この際だから、一生書き続けるってのはどうかな~。。
+++++++++
■11/11■
**:**
さっきまで和やかだった楽屋は、審査発表のアナウンスとともに、ピリッとした空気に戻った。
暗黙の了解で、ぞろぞろと、それぞれホールに向かう。
私は、ラスピメンズがいないことに気付き、慌ててTEL。
・・・でない。
仕方なくひとりで客席へ。
ちょうどその一体が空いていたようで、周りもほぼ出演者で埋まった。
まわりから、ひしひしと緊張感が漂ってくる。もちろん、私もそれを発しているんだろう。
みんな、優勝というわずか1席を目指して、ここまできたはず。出来はどうであれ、とにかく呼ばれることを期待して、ここにいるのだ。緊張しないはずがない。
各賞の発表の前に、観客用の抽選会があった。さすが大手楽器店によるコンテスト。ギターやら、キーボードやら、景品は豪華だ。
ぼんやりと眺めていると、そこへ、3人が帰ってきた。
電話に出なかったこと
ひとりぼっちがさみしかったこと
3人から、マックのおいしそうなニオイがしたこと(爆)
いっそ責めたかったけど、とにかく会えたことにホッとして、そのまま。

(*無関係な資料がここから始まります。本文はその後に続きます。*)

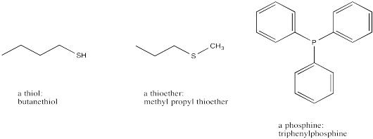 Figure IM12.11. Less common groups related to alcohols, ethers, and amines: thiols, thioethers, and phosphines.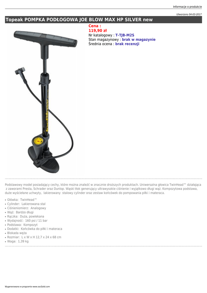 Informacje o produkcie Utworzono 04-03-2017 Topeak POMPKA PODŁOGOWA JOE BLOW MAX HP SILVER new Cena : 119,90 zł Nr katalogowy : T-TJB-M2S Stan magazynowy : brak w magazynie Średnia ocena : brak recenzji Podstawowy model posiadający cechy, które można znaleźć w znacznie droższych produktach. Uniwersalna głowica TwinHead™ działająca z zaworami Presta, Schrader oraz Dunlop. Wąski tłok generujący ultrawysokie ciśnienie i wyjątkowo długi wąż. Kompozytowa podstawa, duże wyściełane uchwyty, lakierowany stalowy cylinder oraz zestaw końcówek do pompowania piłki i materaca. ● ● ● ● ● ● ● ● ● ● ● Główka: TwinHead™ Cylinder: Lakierowana stal Ciśnieniomierz: Analogowy Wąż: Bardzo długi Rączka: Duża, powlekana Wydajność: 160 psi / 11 bar Podstawa: Kompozyt Dodatki: Końcówka do piłki i materaca Blokada węża Rozmiar: L x W x H 12,7 x 24 x 68 cm Waga: 1,39 kg Wygenerowano w programie www.oscGold.com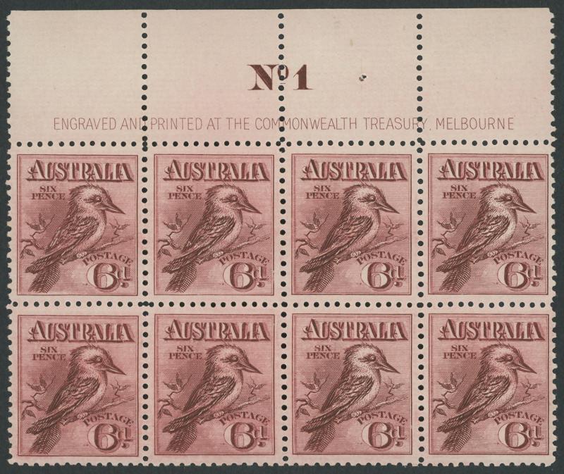 SIX PENCE: 6d Kookaburra SG 19 marginal block of 8 from the top of sheet with complete Plate 'No 1' Commonwealth Treasury Imprint ACSC 60z, unusually well-centred, tiny perf-guide hole in the margin, two lower outside units lightly mounted, the other six unmounted, Cat $2750+ for mounted (£600+ for mounted singles). (Image1)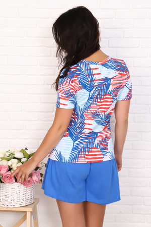 Костюм женский. Футболка с коротким рукавом, принт пальмы. Шорты очень свободного кроя, красивого небесно-голубого цвета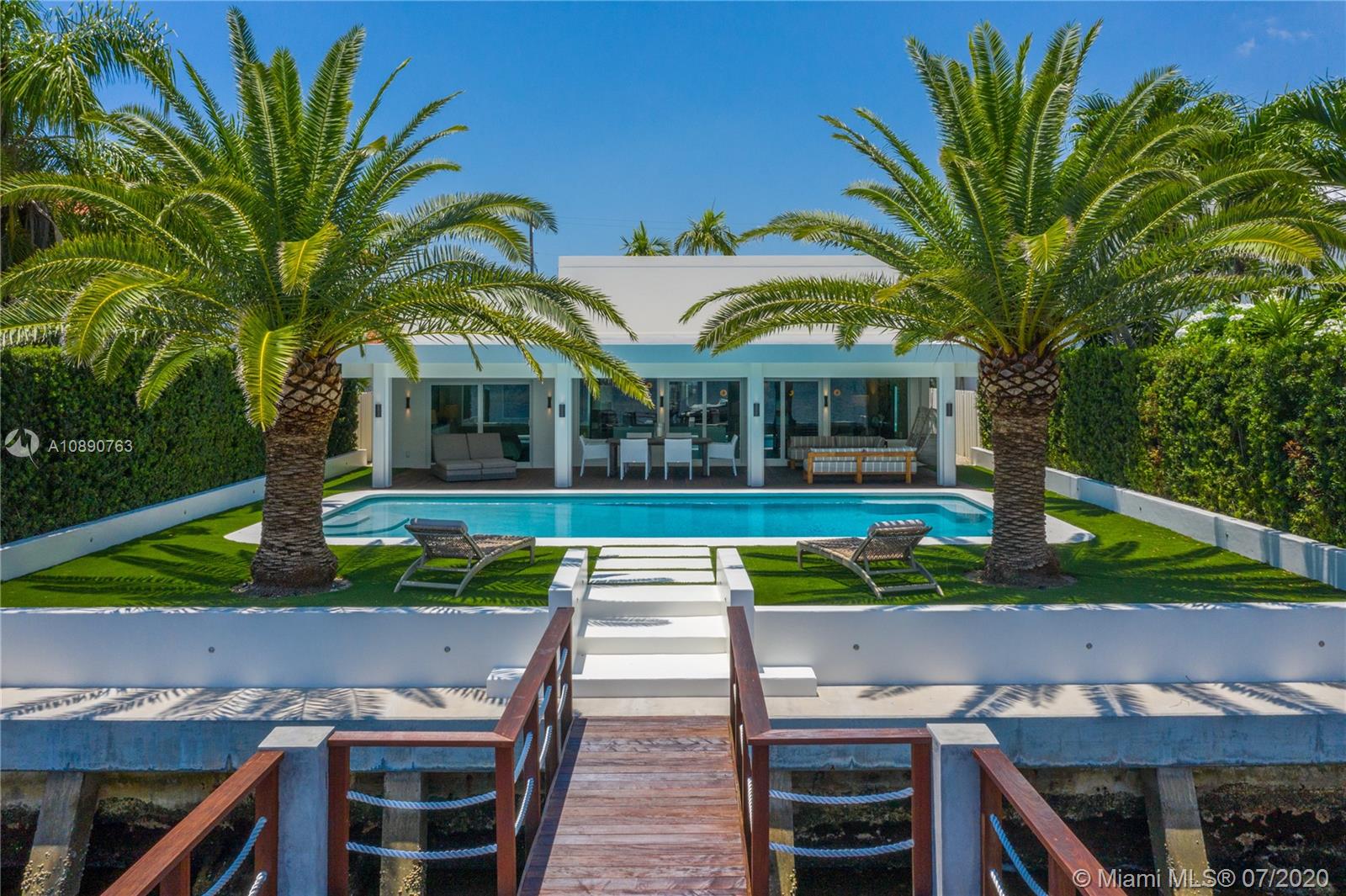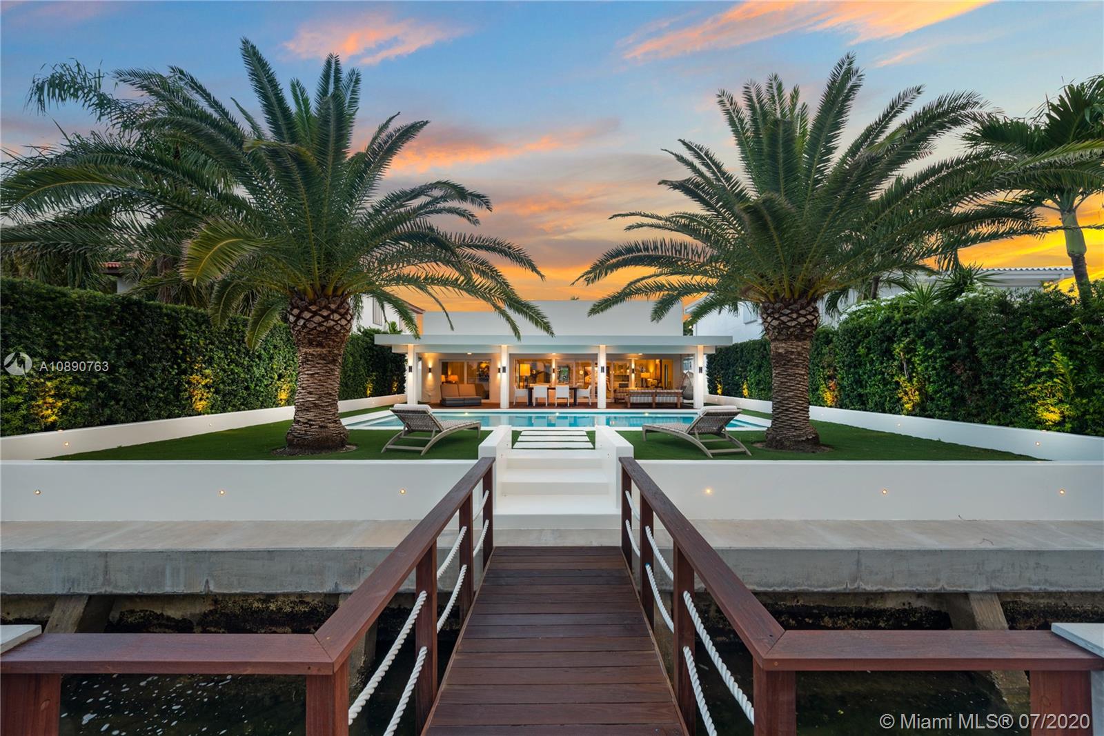 Facing Indian Creek, the most exclusive island in America, this 4 bedroom 3 baths home was completely rebuilt in 2014. It is 2700sqft of pure charm and luxury with high ceilings and the best finishes and high end fixtures. It features Wolf and SubZero, stone floors throughout, marble baths, a huge heated pool and 16,000lbs boat lift. Gated community and walking distance to the beach. Truly a rare find.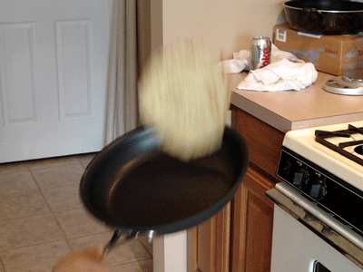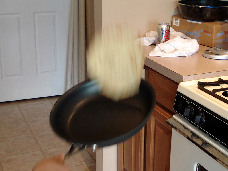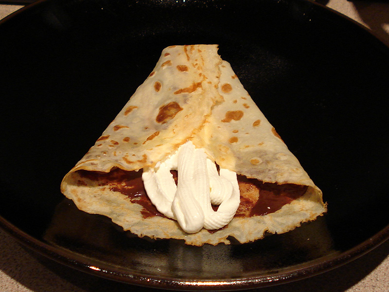Flip the crepe, either with a spatula or, if you want to be cool, flip it in the air. Here's a fun action image.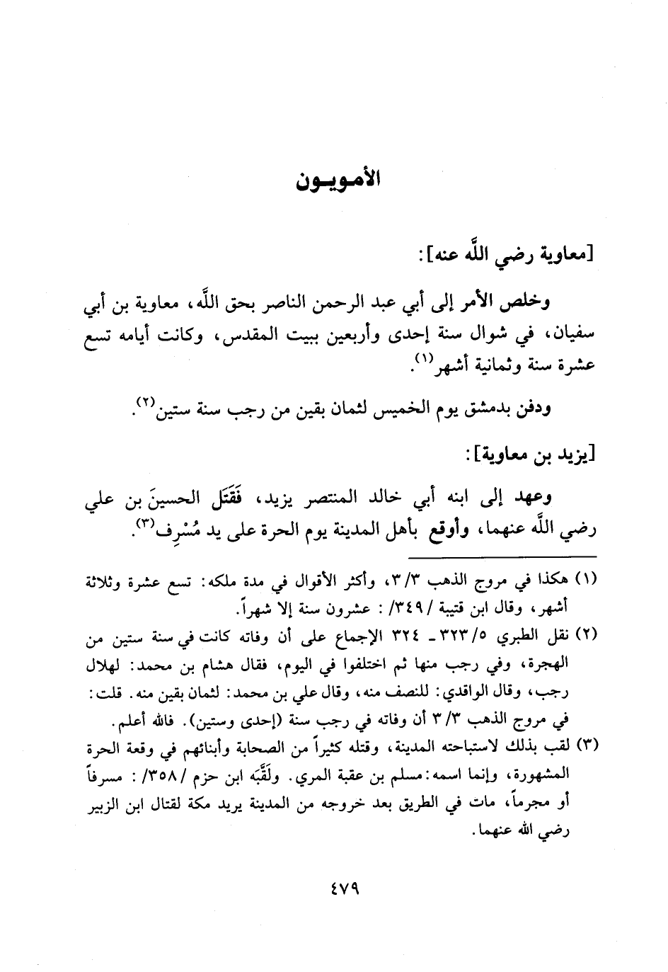 (¬2) نقل الطبري 5/ 323 - 324 الإجماع على أن وفاته كانت في سنة ستين من الهجرة، وفي رجب منها ثم اختلفوا في اليوم، فقال هشام بن محمد: لهلال رجب، وقال الواقدي: للنصف منه، وقال علي بن محمد: لثمان بقين منه. قلت: في مروج الذهب 3/ 3 أن وفاته في رجب سنة (إحدى وستين). فالله أعلم.

笑
+++++++
すんなり書くけど、結果、私達は何の賞も取れなかった。
でもそれは “残念なこと” ではなかった。
うん…結果を残せなかったことは確かに残念なんだけれど、それよりも、自分達に足りなかった何かに気がついてしまった所為かもしれない。
実質2番手である賞を獲得したバンドが
「地元のみんな、ゴメン…!!」
といって泣いた。
それを見た私は、自分達にはこれが足りなかったんだ、と思ってしまったのだ。
その行為がどうこうではなくて、気持ち。
そこまで悔しいと思う、気持ち。
上に行きたいと強く願う、気持ち。
もちろん、自分達に出来うる努力はしてきたつもりでいた。
でも、本当に?
どこかで、「入賞なんて無理」って、思ってなかった?
― 自分の中の答えは、明確だった。
技術力の差も、痛いほど感じていた。
でも、端から天井を決めてかかっていた私は、やっぱり自分に甘くて、努力を、どこか惜しんでいたのだ。
勝ち残る可能性が10%でもあったら、全力で達成させようとしてきた彼らには、到底かなうはずがなかった。
帰り際、甲信越大会のときにお世話になった審査員の、ベーシストJIGENさんと少しだけ話をした。
「ずいぶん垢抜けたな、っておもったよ。がんばったみたいだね。おつかれさま。」
そうなのJUGENさん。
がんばったの。
尊敬する人に好意的な言葉を貰って、私は一気に安心した。
たくさんの人に支えられて、たくさんの人を犠牲にして、たくさんの人に出会えた。
そして、本当にたくさんのいい経験が、出来た。
ハタからみれば、たかだかひとつのコンテスト。
でも私にとっては、大きな意味があったコンテスト。
私の糧と、なる。
これで。
私達の長い長い夏が、終わった。
11月なんて本当は冬だけど、夏前から同じ目標を掲げて走り続けてきた私たちにとっては、未だ夏だった。
夏の終わりは、いつも少し切なくて、寂しくなる。
でもやってくるあたらしい季節に、ワクワクする。
それと同じ感覚だった。
私たちは、また、あたらしい季節にむけて、歩き出す。